Law enforcement agencies must behave as if lives depend upon the security of police computer networks, because they do. Agencies simply must understand that poor network security is something which poses immediate and great risk to officers, witnesses, confidential informants, suspects, ongoing investigations, and all those at other agencies with whom we share information, on local, county, state, tribal and federal levels.
Our point is simply that law enforcement agencies can no longer afford to act as if network security is a low-priority. And they must recognize that no one is immune to stupidity or bad security. No one.
Among the things we’re looking at over here at PLI is the complete shambles that is security on police networks. You’ll remember that we covered the basics back in some of our early podcasts (here and here for example) and we’ve spoken about it at conferences. Now we have an opportunity to go a little further, with the recent attacks against law enforcement computer systems.

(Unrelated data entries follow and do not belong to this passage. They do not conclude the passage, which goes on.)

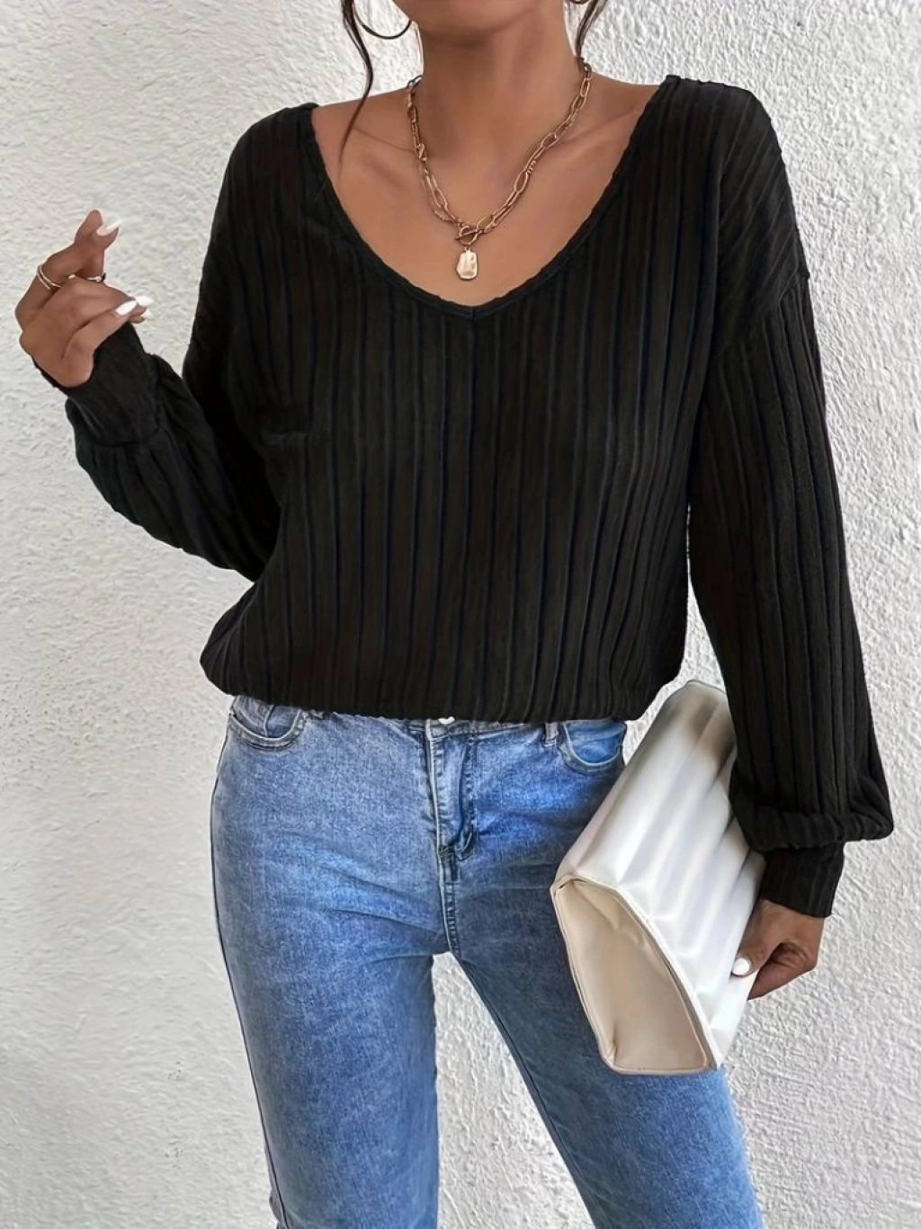 Kadın Uzun Kollu V Yakalı Pencere Sırt Dantel Detaylı Kalın Fitilli Kaşkorse Bluz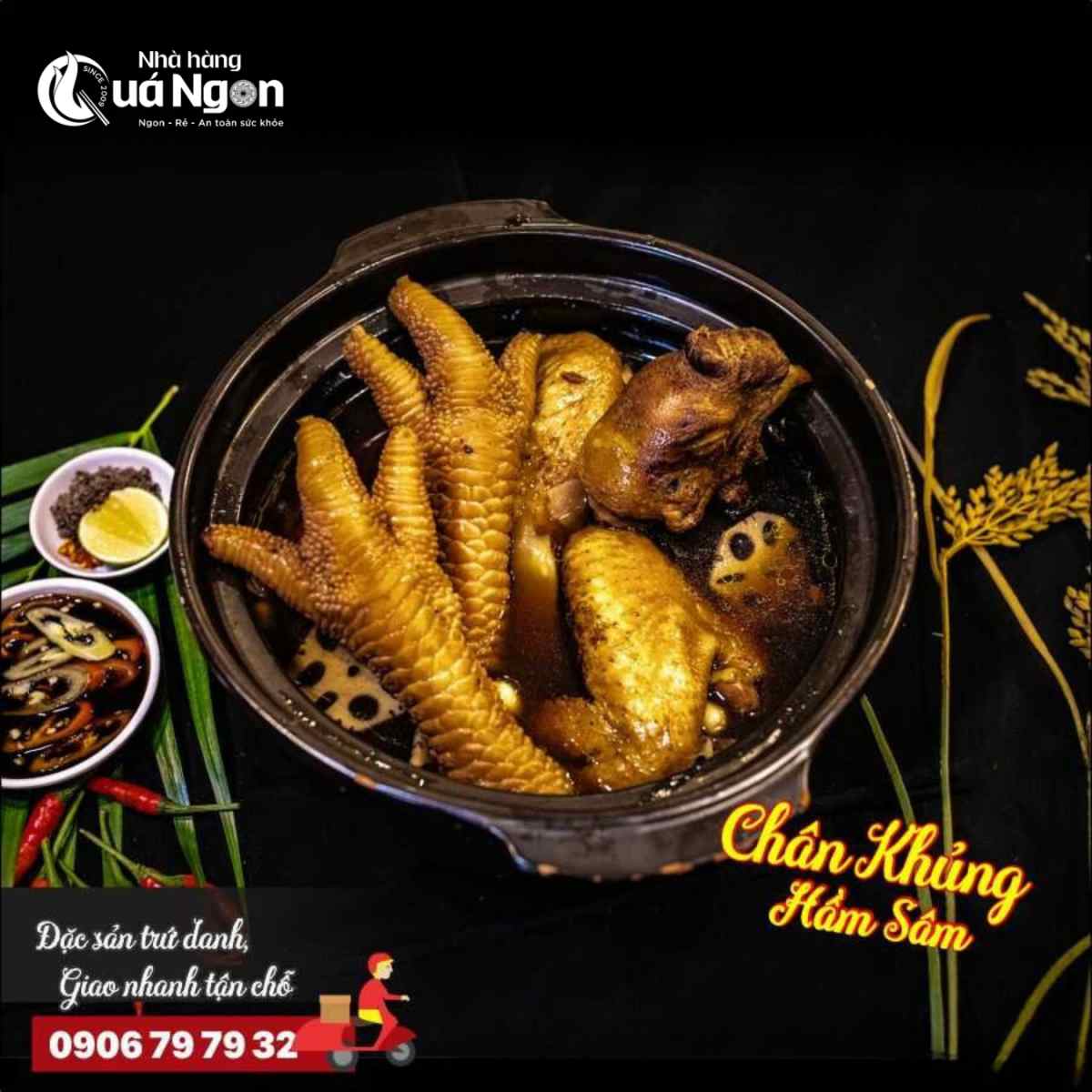 – Chân Hầm Sâm: Vị thơm đặc biệt có được từ chân gà hòa tan cùng sâm khi ăn thì vừa giòn, dai dai cảm giác rất khác lạ. Ăn kèm với xà lách xoong, tần ô, ngải cứu.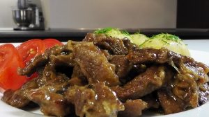 Говядина в луковой глазури с эстрагоном Говядину нарезать брусочками и поместить на сковороду, лук нашинковать и перемешать с говядиной. Добавить соевый соус, масло, сахар, черный...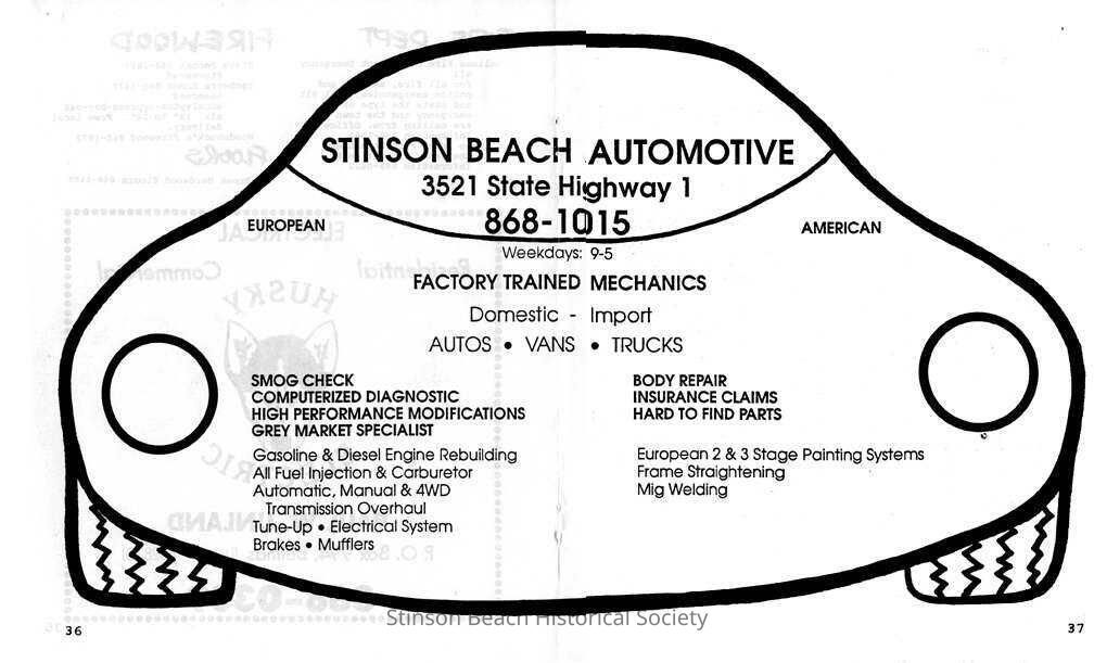 The center fold advertisement in the Bolinas Yellow Page of Stinson Beach Automotive. It existed in the concrete block building (Originally 7-11 store, now the SB Library) for about a year after the Chevron Gas Station was demolished. It was operated by Buck Myers, a local mechanic, and Chris who worked at the gasoline station. A minor fire caused it to be closed. This page advertises various services it performed - smog check, computerized diagnostic, body repair, insurance claim works, etc.(TA)Collection
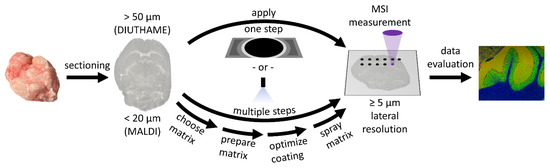 Thin tissue sections from fresh-frozen tissue were prepared using a microcryotome (Microm HM 525, Thermo Fisher Scientific GmbH, Bremen, Germany) at −20 °C. Tissue sections with a thickness of 20 µm were chosen for MALDI and LDI measurements, whereas for experiments with DIUTHAME, tissue sections with a thickness of 50–150 µm were used (Figure 6).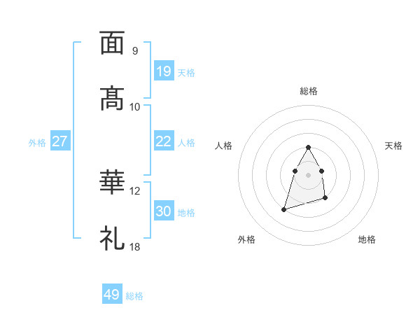 面髙 華礼さんを姓名の画数から五運を鑑定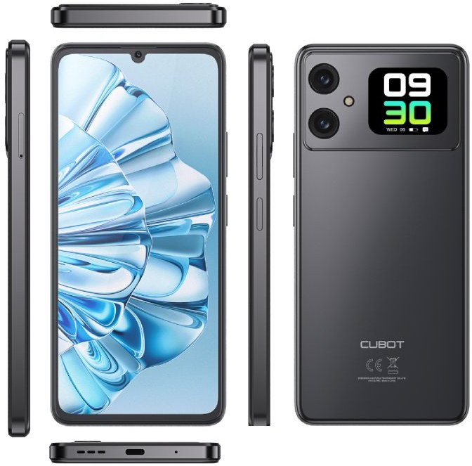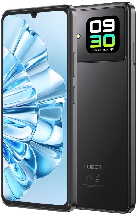 Cubot A20 zaujme na prvý pohľad. Elegantné telo skladajúce sa zo skla a plastu je dostupné v troch farbách – klasická čierna a modrá – takže si každý nájde to svoje. Okrem veľkého 6,75” IPS HD+ displeja s 90Hz obnovovacou frekvenciou má telefón aj menší 1,83” dotykový displej na zadnej strane, ktorý ukazuje upozornenie, umožňuje ovládať hudbu alebo rýchlo skontrolovať čas a stav batérie.
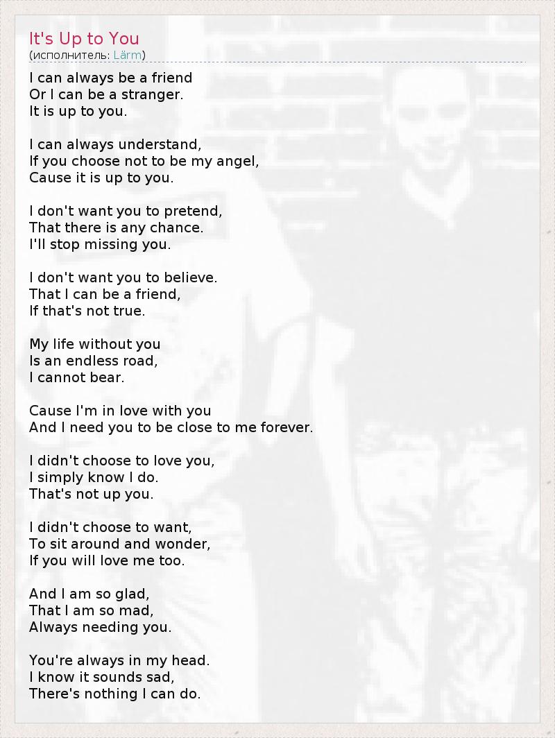 I can always be a friend Or I can be a stranger. It is up to you. I can always understand, If you choose not to be my angel, Cause it is up to you. I don't want you to pretend, That there is any chance. I'll stop missing you. I don't want you to believe. That I can be a friend, If that's not true. My life without you Is an endless road, I cannot bear. Cause I'm in love with you And I need you to be close to me forever. I didn't choose to love you, I simply know I do. That's not up you. I didn't choose to want, To sit around and wonder, If you will love me too. And I am so glad, That I am so mad, Always needing you. You're always in my head. I know it sounds sad, There's nothing I can do.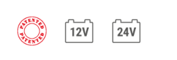 - Chargeur de batterie et démarreur pour la charge des accumulateurs à électrolyte libre (WET) avec tension 12/24V et le démarrage de tous les types de voitures, fourgons et camions légers.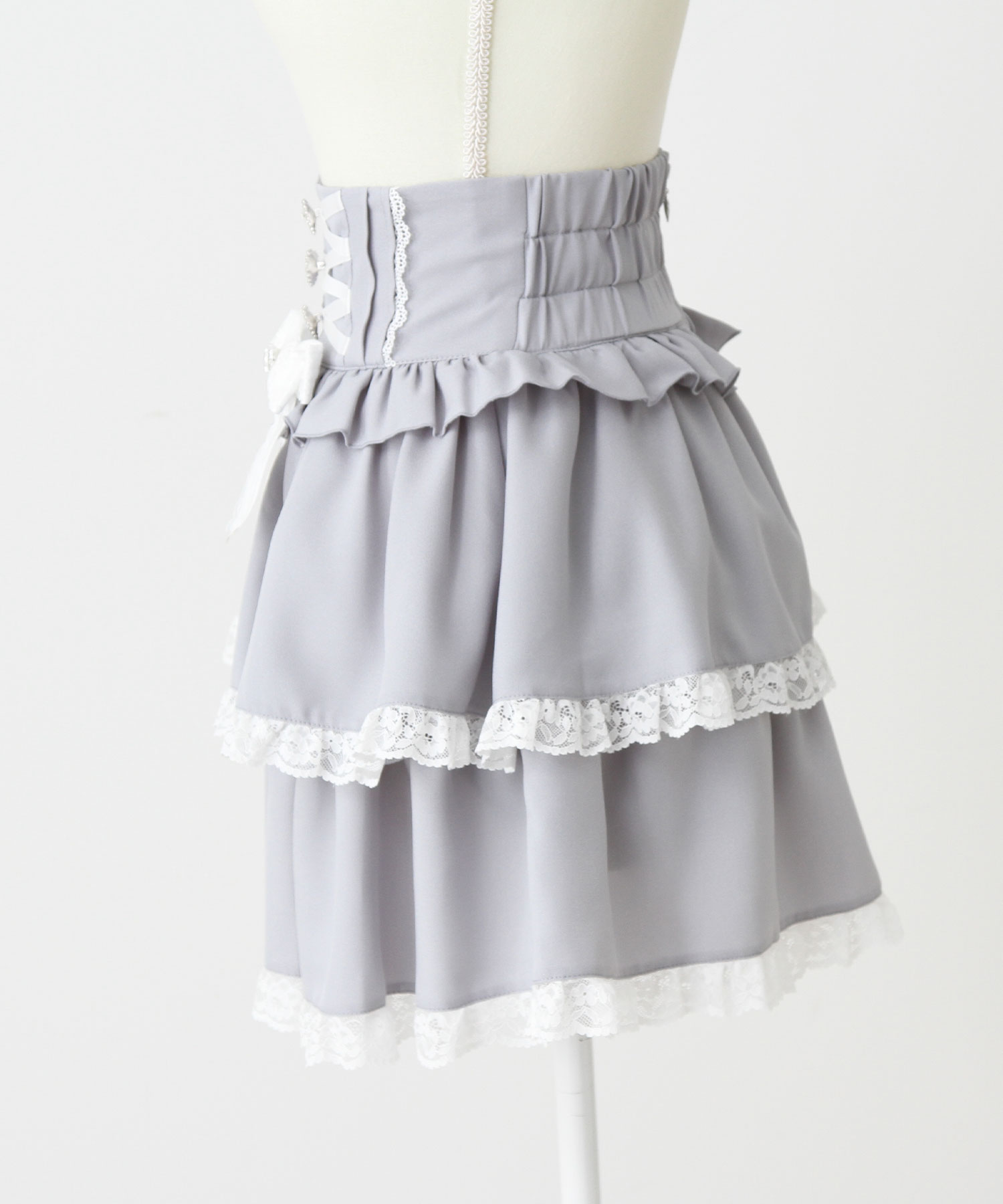 ウエストはキュッとスカートはレースフリルたっぷりでふわっと広がるシルエット感がかわいく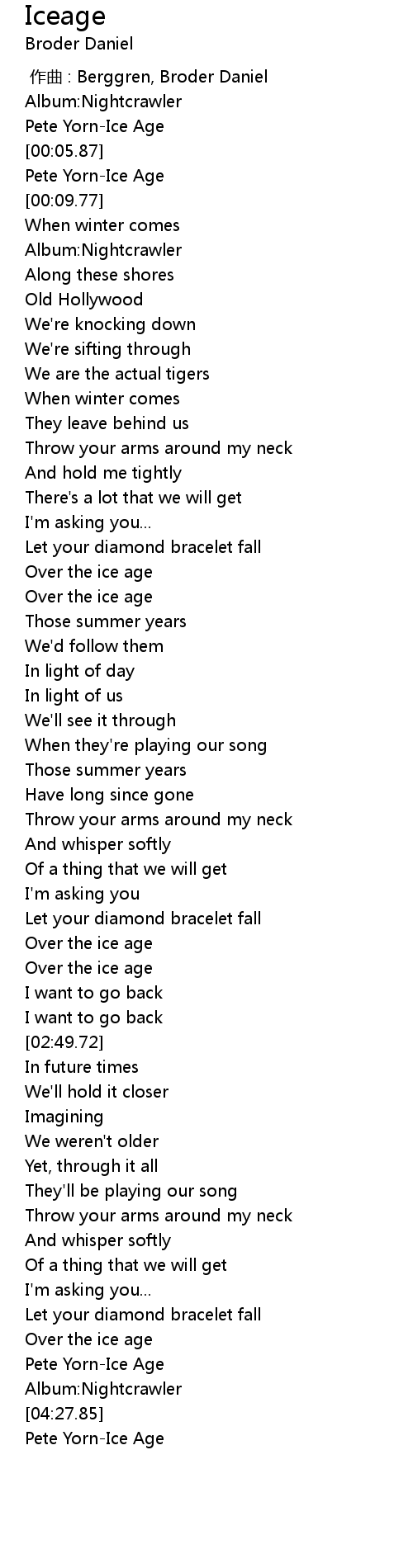| [00:00.00] | 作曲 : Berggren, Broder Daniel |

It started, as we mentioned last week (before I went on vacation) with attacks by the LulzSec criminal hacking group on websites controlled by InfraGard. The response by some InfraGard groups was to shut down their sites until they could beef up security.
Yesterday, Lulz upped the ante, with a press release entitled Chinga la Migra (consult your Spanish-speaking resources – this is a family-friendly blog, but the phrase is a disparaging remark about immigration officials) in which the group announced that it had infiltrated the network of the Arizona Department of Public Safety.
LulzSec said in the release:
We are releasing hundreds of private intelligence bulletins, training manuals, personal email correspondence, names, phone numbers, addresses and passwords belonging to Arizona law enforcement. We are targeting AZDPS specifically because we are against SB1070 and the racial profiling anti-immigrant police state that is Arizona.
The documents classified as “law enforcement sensitive”, “not for public distribution”, and “for official use only” are primarily related to border patrol and counter-terrorism operations and describe the use of informants to infiltrate various gangs, cartels, motorcycle clubs, Nazi groups, and protest movements.
We won’t comment on the value of the intelligence leaked (there is a good analysis available at BoingBoing, but will comment that it is highly distressing to see many entries such as this (redacted) one:
Steven XXXXXXXXX #XXXX
Highway Patrol Division
Address: 84## S. XXXXXXXXXXXX, XXXXXXXX, Az #####
Wife: Sxxxxxxx XXXXXXXX ([and her personal email])
Cell phone: 928-###-####
Home phone: 928-###-####
While LulzSec is carrying on like this, and despite a high-profile arrest of a purported member of LulzSec, others in the group are mocking efforts to capture them. Certainly this is a geographically and organizationally distributed threat which will make a law enforcement rollup problematic. Speaking of this, today The Guardian (UK) published an analysis, in which it states
LulzSec is not, despite its braggadocio, a large – or even coherent – organisation.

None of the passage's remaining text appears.